Lezlie Lowe on why we’ll never know the Dawson College shooter.



Will we ever know Kimveer Gill? Not a chance.

He’s now a character, not a man. A caricature—the Dawson College shooter—pasted together collage-style and stuck in a scrapbook of the Canadian psyche. His transformation began September 13, not at the moment he began shooting, but as the first reports of what he was wearing at the CEGEP that day began rolling in: trench coat, yadda, yadda....

We need that picture of him, and the fleshed out one we’re being treated to still, one week later, as the media—for an eagerly devouring public—pieces together a picture of this man’s life.

We need to see Kimveer Gill because it helps us make sense of what happened last Wednesday. And the need to pound sense out of this shooting supersedes any niggling thought that the image of Kimveer Gill we’re creating—and we are creating it—is flawed.

You cannot understand a person by his blog, nor by his clothing, nor by the music he listened to. A digital personality is not a real one (ask any YouTube viewer duped into believing lonelygirl15 was really a depressed, lonely 16-year-old homeschooler instead of a 19-year-old actress looking to draw attention and land a job).

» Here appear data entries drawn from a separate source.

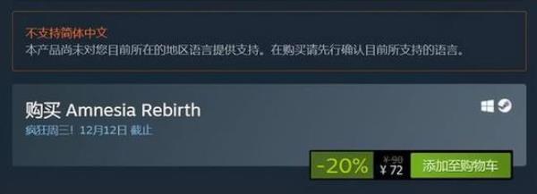 今日,由Frictional Games制作并发行的生存恐怖游戏《失忆症:重生(Amnesia: Rebirth)》在Steam平台开启了打折促销,本作迎来了“新史低”特惠。游戏原价90元,现在打8折,折后价72元。本次特惠截止日期为12月12日。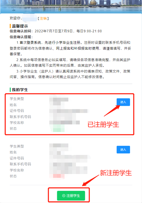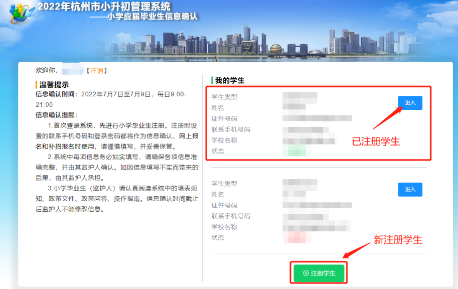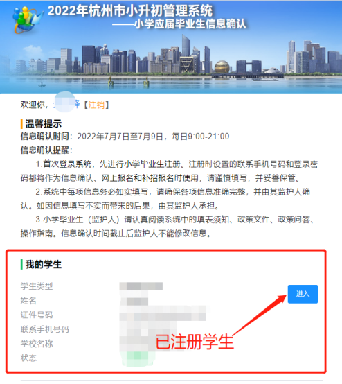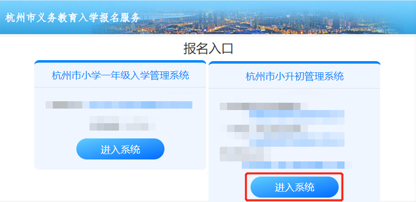 進(jìn)入杭州市小升初管理系統(tǒng)。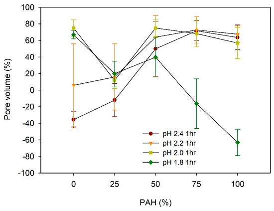 Considering the dependence of the pore volume on the PAH ratio, at pH 2.2–2.4, the pore volume increased with the increase in the PAH ratio from 0% to 50%. However, the pore volume did not vary significantly above a PAH ratio of 50%. Conversely, at pH 1.8, the pore volume decreased with the increase in the PAH ratio.

What we’re looking to see in the picture we’re cobbling together of Gill is something we recognize. It’s not that we’re angling for kinship; we’re searching instead to define the ways he was different from us.

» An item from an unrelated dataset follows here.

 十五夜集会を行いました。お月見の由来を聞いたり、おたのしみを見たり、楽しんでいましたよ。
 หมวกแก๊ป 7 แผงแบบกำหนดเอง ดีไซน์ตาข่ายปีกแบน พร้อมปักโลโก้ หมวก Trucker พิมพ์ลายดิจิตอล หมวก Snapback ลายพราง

If we set up a place for him, a category, we can set ourselves outside of that image and breathe our little individual and collective sighs of relief. We can rest safe in the knowledge that he is not like us. If we can give him a label (goth, or simply, that kind of goth) then he can be bad. And then we become good.

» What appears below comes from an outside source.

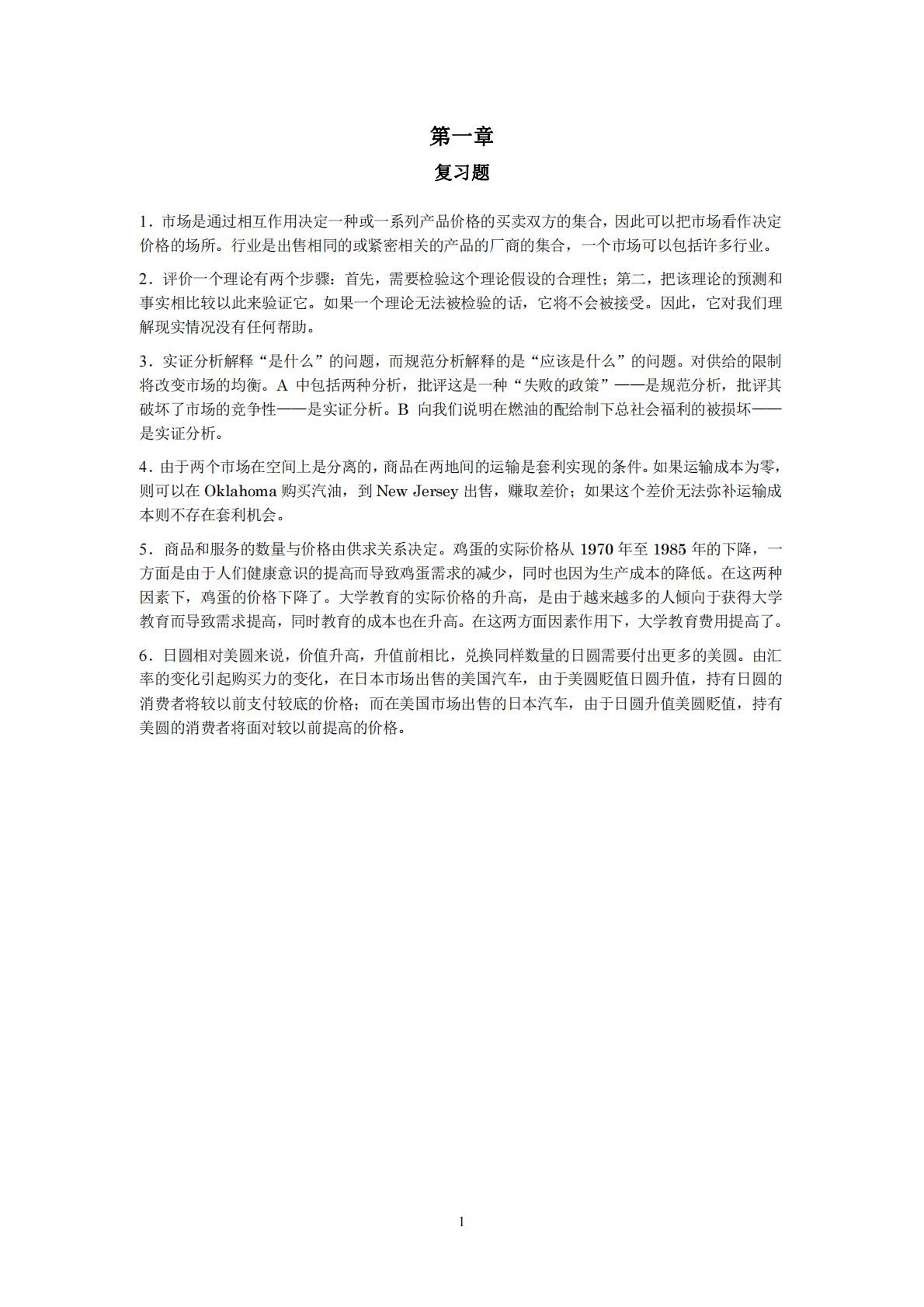 1第一章复习题1.市场是通过相互作用决定一种或一系列产品价格的买卖双方的集合,因此可以把市场看作决定价格的场所。行业是出售相同的或紧密相关的产品的厂商的集合,一个市场可以包括许多行业。2.评价一个理论有两个步骤:首先,需要检验这个理论假设的合理性;第二,把该理论的预测和事实相比较以此来验证它。如果一个理论无法被检验的话,它将不会被接受。因此,它对我们理解现实情况没有任何帮助。3.实证分析解释“是什么”的问题,而规范分析解释的是“应该是什么”的问题。对供给的限制将改变市场的均衡。A中包括两种分析,批评这是一种“失败的政策”——是规范分析,批评其破坏了市场的竞争性——是实证分析。B向我们说明在燃油...

Kimveer Gill, then, is useful. And necessary. We like the idea of him; his deviance defines our normalcy.

It doesn’t matter if the random characteristics we’re drawing on for our profile of him are no more odd or demented than anything else—really, black is no more bizarre to dress in than gingham, Marilyn Manson’s music is no more malevolent than Wagner’s. These traits are unsound because we say they are. And we say they are because something has to tell us what was wrong with this man. Something has to tell us why this happened.

The faults in relying on random and inherently neutral cultural proclivities have, mercifully, crept to the surface in the last week. Several papers, including the Daily News, have run stories showing there’s no connect-the-dots between goth and murder. That’s the good news.

The bad news is that’s not what people will remember in five, 10 or 20 years. People will remember that Gill was a goth, he liked Marilyn Manson, played violent video games and he wore a black trench coat. That’s all.

One balanced understanding of the man who became the Dawson College shooter might be this: Kimveer Gill was goth but goth is not Kimveer Gill. But we can’t have that, because it leaves us without a clear category, without a way to picture Gill. It leaves us without a way to rationalize his actions. And it leaves us without a lucid way to define ourselves in opposition to him.

We can’t know who he was. And a rubber stamp profile isn’t going to change that. Probably it would be best if we could just all forget him. What you’re thinking is right: not a chance.